Hello World

Evolutionary Hello World

Jul 18, 2016


This is the first project to kick off my journey in Evolutionary Computing in summer 2016. Here it aims to evolve the term "hello world" (or a user-defined term) from a pool of random strings using a method called genetic algorithm. As you click the "Evolve!" button below, you will witness a grand evolutionary process taking place in a blink of an eye: hundreds of generations of strings are created and gradually move towards the evolutionary goal with selection, crossover and mutation performed at each individual candidate from each generation.

Here I set the maximum number of generations to be 500. There is a slight chance that things get unlucky and it may take more than that. If that's the case, just click the button to give it another try. Code is up here.


Experiment

Maximum Generation: 500

Population Size: 50

Selection Weight Factor: 1.5

Crossover Point: dynamic

Mutation Rate: 2%

Define an evolutionary goal:


Thoughts

This is quite interesting! It started all randomly and eventually was able to land on what we want. All we needed to do is to define an evolutionary goal and then get ready to be amazed. Of course, this is a super simplified model of what's happening behind evolution in the real-world. However, it is enough to illustrate a point: evolution is driven by fitness.

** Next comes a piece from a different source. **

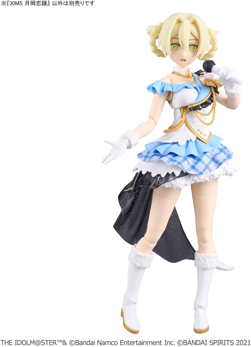 偶像大师 闪亮色彩 复古的"月冈恋钟 30MS格式立体化! 包含全身零件的全效合一产品。 ■表情部件附带凹印3种。 通过零件分割来再现口中的颜色。 刘海可通过更换零件,重现没有发饰的状态。 ■服装中的胸部零件是追求极限的零件构成,只需组装就能再现色彩区分和精密的细节。 通过零件形状再现了背部的小羽毛。 ■胸前的心形是塑料贴纸,表现出清晰的质感。 ■裙子通过印刷图案的薄纸表现了波浪形状。 部分零件采用含金银线的烟灰色材料。 ■肌肤部件在完成时,在模具表面进行了哑光处理,演绎出柔和光线的演出。 ■除了附带表情的手部零件之外,还附带了3种手部配件。 ■附属品 ■面部部件(凹印)×3种 ■手部零件×1式 ■刘海部件(无发饰)×1 ■麦克风×1 ■贴纸×1

In the biological world, fitness can be easily understood as the ability to thrive. The better an individual adapts to an environment, the higher fitness it possesses, and the more offspring it would produce. In this Evolutionary Hello World example, the fittness of each string is measured by how many letters it matches with the target string. Better-matched strings have higher chance to be selected to give babies to the next generation.

What if this generate-and-test idea is generalized to other domains, for example, creating a new food recipe with egg and tomato? Before answering that, we want to know how recipes are created in traditional manner. Below are two classic dishes made by eggs and tomatoes, both taste good even though were made differently. Imagine how they were invented in the first place. Did the cook manually enumerate all possible combinations of the ingredients and select the tasty ones? Not possible. Did he intuitively create the recipes with his years of cooking experience, along with a good amount of trial-and-error? That's possibly the answer.

Western style tomato omelet

Chinese style stir-fried egg with tomato

(image source) (image source)

Our generation is lucky because we can enjoy a large variety of cuisines as a result of thousands of years of manual knowledge accumulation. In the digital world, things could get even better. To use genetic algorithm, we can start out with a bunch of food "genes":

  • Ingredients: egg, tomato
  • Seasoning: salt, pepper, MSG, soy source, cinnamon, mint,..
  • Cooking methods: keep it raw, steam, boil, roast, stir fry, deep fry,..

Then, we randomly select some combinations of the "genes" to form the "genotypes":

genotype1: egg + tomato + salt + keep it raw
genotype2: egg + tomato + pepper + cinnamon + boil + stir fry
genotype3: egg + tomato + mint + soy source + steam
genotype4: you get the idea

Finally, in a virtual environment, we cook them all out. The resulting dishes, along with their scent, flavor, texture and appearance, make up the "phenotypes".

As of the initial generation, some may taste bad, some may taste even worse, but ideally, we can rank their tastiness and let the top ones breed the next generation. By proceeding this process over and over, the program may invent some tasty recipes! Note that the beauty of it lies in the fact that computers are not constrained by human's preferences, biases and stereotypes, so that recipes invented could be really strange but taste surprisingly good (not guaranteed though, I'm going to test it someday).

Considering how we human were evolved from unicellular organism to such complex beings, I do believe evolutionary computing has the potential to automate innovation. However, it is more difficult than the example above.

  • The search space could be HUGE. Just think about how many ingredients, seasonings, cooking methods, cooking orders and so on exist in this world. Since genetic algorithm is a randomized heuristic search method, it takes more time to explore the search space as more variables are introduced.
  • Quantifying the genes and finding a suitable data structure for genotype is hard.
  • There might be multiple evolutionary goals, conflicting with one and another. We may appreciate not only tastiness, but also low cost of material as well as high energy efficiency.
  • The measurement of fitness is a problem itself. If dishes are evolved and tested in a digital context, how do we evaluate the tastiness?
  • Hyper-parameter tuning for a healthy evolutionary environment. Population size, mutation rate, crossover method, optimizing parameters like these takes time and computational resources.

These are active research questions that we want to address collectively. As an optimist, I think the future is bright. Okay, that's enough for a blog post, I'm going to cook my Chinese-style stir fried egg with tomato now.